[manpages PATCH] capabilities.7: describe namespaced file capabilities

Michael Kerrisk (man-pages) mtk.manpages at gmail.com
Sun Jan 14 09:40:04 UTC 2018

Hello Serge,

On 01/09/2018 07:52 PM, Serge E. Hallyn wrote:
> Update the capabilities(7)  manpage with a description of the
> new-ish namespaced file capability support.

Thanks for this patch. I'm trying to craft a modified version
based on your text, so no need to send a new version at this
stage, but I do have some questions below.

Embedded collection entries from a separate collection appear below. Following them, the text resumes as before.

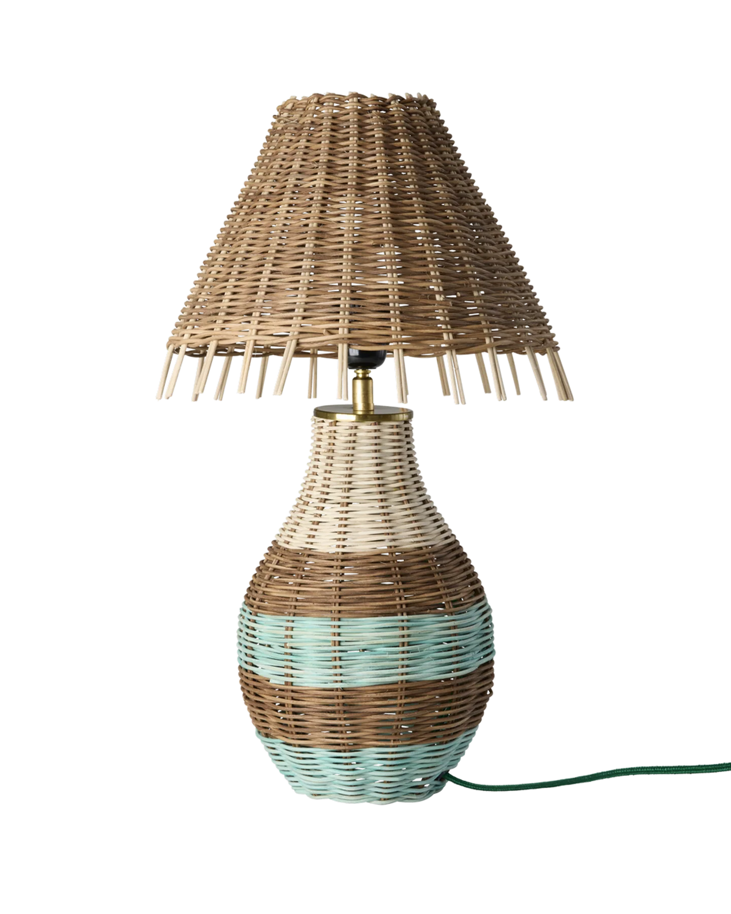 De schattigste rotan lamp met roze en groene strepen. Zowel de kap als de lamp zijn met de hand geweven van natuurlijk rotan en het rode snoer is voorzien van een praktische aan/uit-schakelaar.
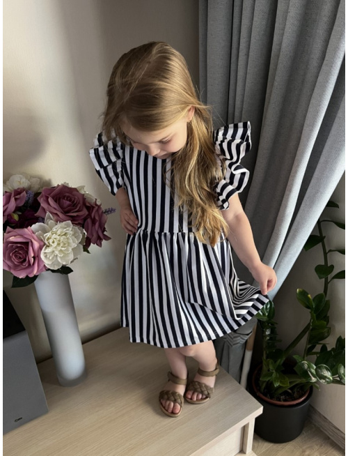 Šaty pre dievčatá sú v dokonale pohodlnom strihu s prestrihom v páse a riasenou sukňou s vlečkou. Sú spestretené bohato riaseným volánom namiesto rukávov. Výstrih sme málinko zväčšili pre väčšie pohodlie pri obliekaní.
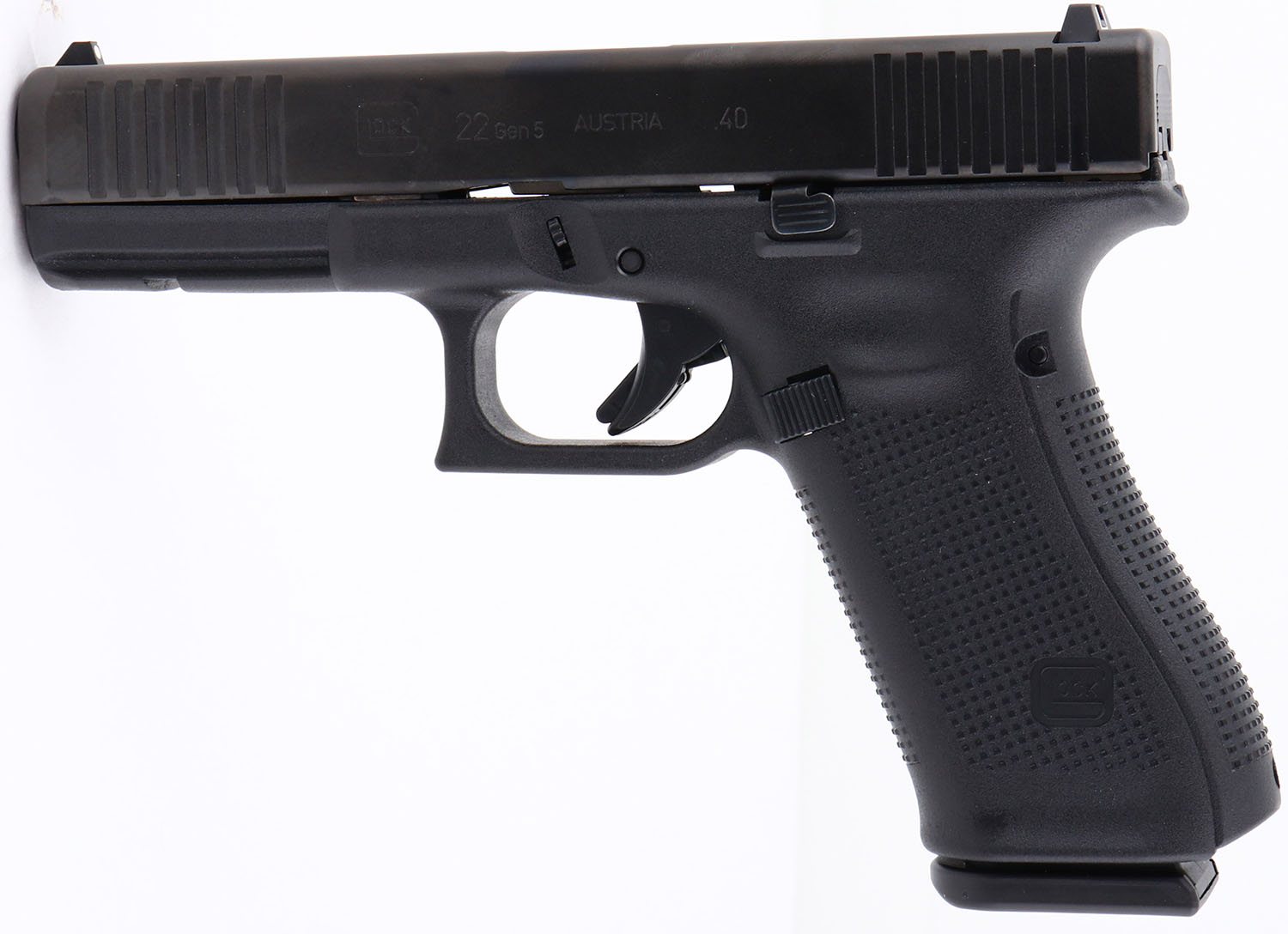 NEW CASED, Glock, Model G22 GEN 5, CAL: 40 S&W, MFG: Modern, SN: BYWD863, Semi-Auto Pistol, 4.5'' barrel. The polymer frame & grips are mint. The factory black colored slide is mint. Bore is mint. Original sights. Comes in the original factory case with 3 15rds mags, speed loader, two extra grip attachments, paperwork, brush & cleaning rod, NOS. FFL Req. - Value: 500 to 650
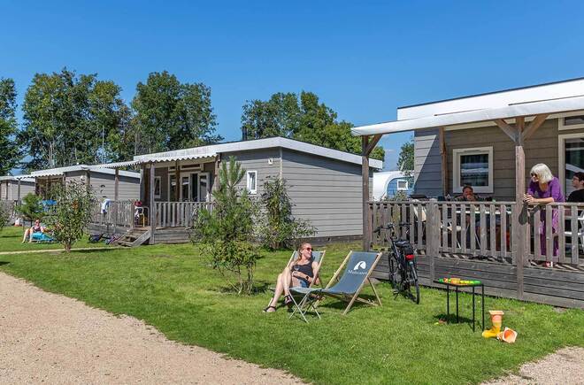 Kampeer Cabin auf Molecaten Park Rondeweibos 'Glamping' am Meer! Kommen Sie und übernachten Sie in einer unserer trendigen und luxuriösen Kampeer Cabins. Die Kampeer Cabin hat die Atmosphäre eines Zeltes, bietet aber allen Komfort (u.a. Betten, komplett eingerichtete Küchenzeile, Heizung, Toilette) und Luxus (u.a. Geschirrspüler und TV) einer Cabin. Nur für die Benutzung der Duschen nutzen Sie das Sanitärgebäude auf dem Campingplatz.
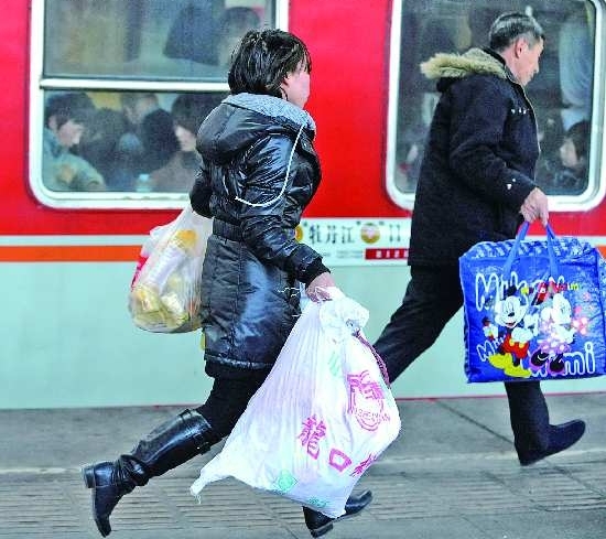 30日,两位乘客在车辆启动的前夕狂奔上车,回家过年。由于目前济南市区通往火车站的主干道极度拥堵,导致许多乘客赶车难,许多人因此十分焦急。 本报记者 周青先 摄
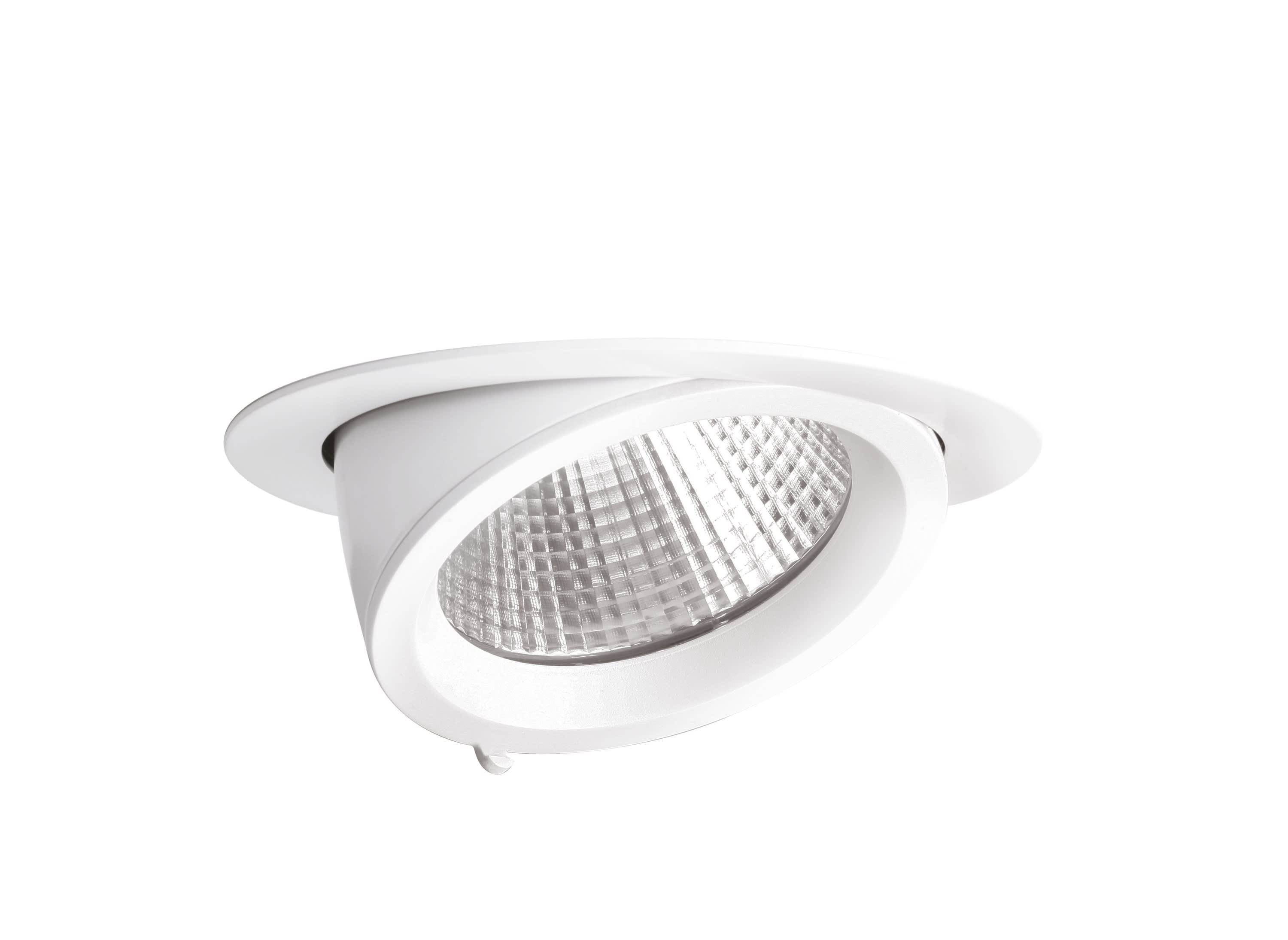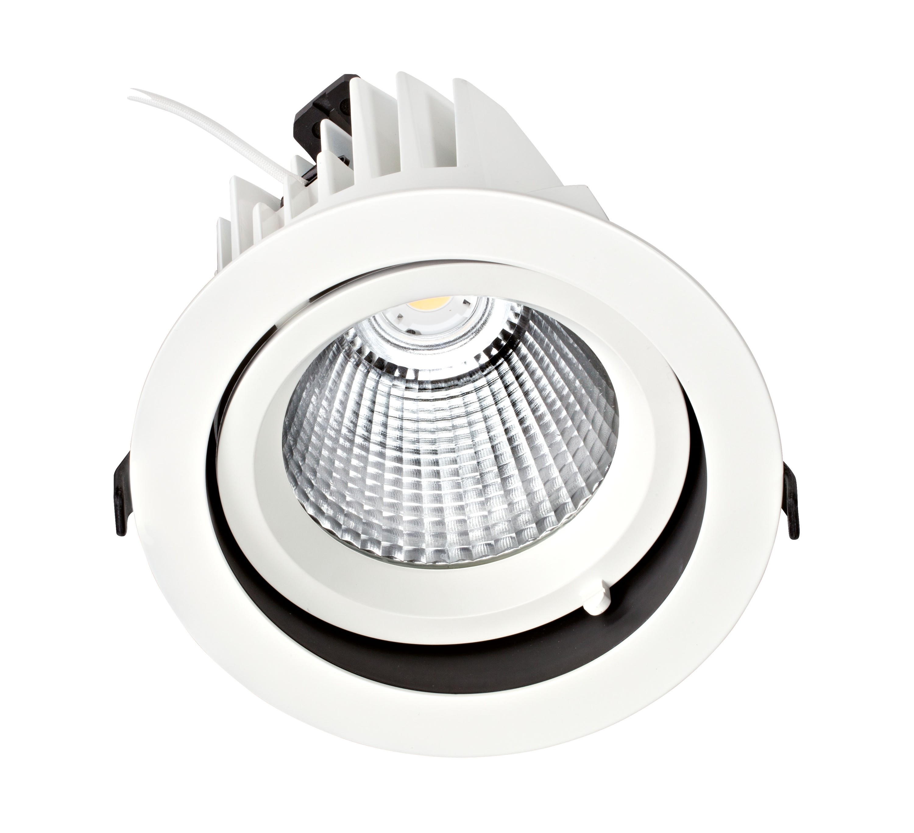 Downlight rond, orientable, en aluminium blanc, 70°, LED intégrée 41W 3000K 4000 lumens 50000h avec boite de connexion repiquable sans outil
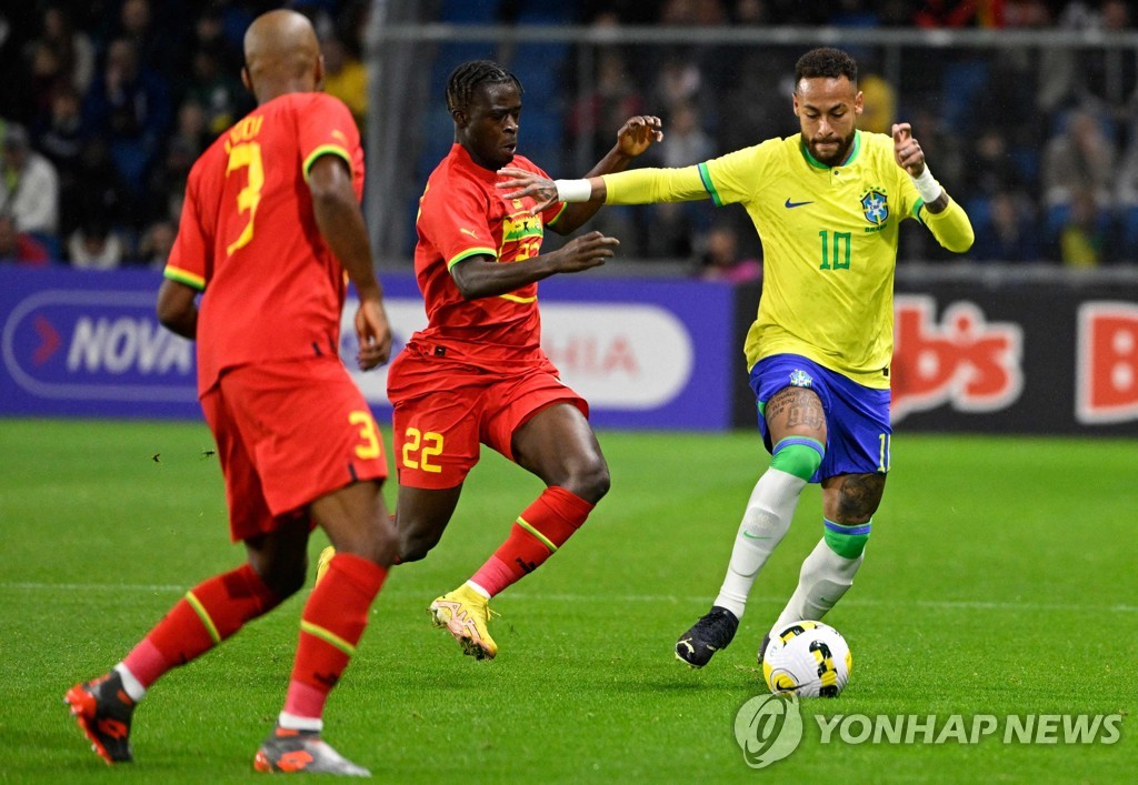 한국의 카타르 월드컵 조별리그 2차전 상대 가나는 이날 프랑스 르아브르의 스타드 오세앙에서 브라질과 친선경기를 치러 전반에만 히샤를리송(토트넘)의 두 골을 포함한 세 골이나 내주고 0-3으로 완패했다.

> A note on userspace tools:  since the kernel will automatically
> convert between v2 and v3 xattrs, and translate nsroot between
> v3 xattrs, we can make do with the current getcap(8) and setcap(8)
> tools. I.e. a user on the host can create a transient user namespace
> with the appropriate mappings and run setcap(8) there.  The kernel
> will automatically write a v3 xattr with the transient namespace's
> root user as nsroot.
> Signed-off-by: Serge Hallyn <shallyn at cisco.com>
> ---
>  man7/capabilities.7 | 44 ++++++++++++++++++++++++++++++++++++++++++++
>  1 file changed, 44 insertions(+)
> diff --git a/man7/capabilities.7 b/man7/capabilities.7
> index 166eaaf..76e7e02 100644
> --- a/man7/capabilities.7
> +++ b/man7/capabilities.7
> @@ -936,6 +936,50 @@ if we specify the effective flag as being enabled for any capability,
>  then the effective flag must also be specified as enabled
>  for all other capabilities for which the corresponding permitted or
>  inheritable flags is enabled.
> +.PP
> +Until 4.13, only VFS_CAP_REVISION_2 xattrs were supported.  These store only
> +the capabilities to be applied to the file, with no record of the writer's
> +credentials.  Therefore only privileged users can be trusted to write them, and
> +over the user namespace which mounted the filesystem (usually the initial user
> +namespace) is required.  This makes it impossible to write file capabilities
> +from a user namespaced container, which causes some package updates to fail.
> +.PP
> +In order to support setting file capabilities in containers, the
> +kernel must be able to identify whether the task executing the
> +file will be constrained to a subset of the resources over which
> +the writer of the file capabilities has privilege.  To this end,
> +since 4.13, VFS_CAP_REVISION_3 capabilities store the user ID
> +of the root user in the writer's namespace ("nsroot").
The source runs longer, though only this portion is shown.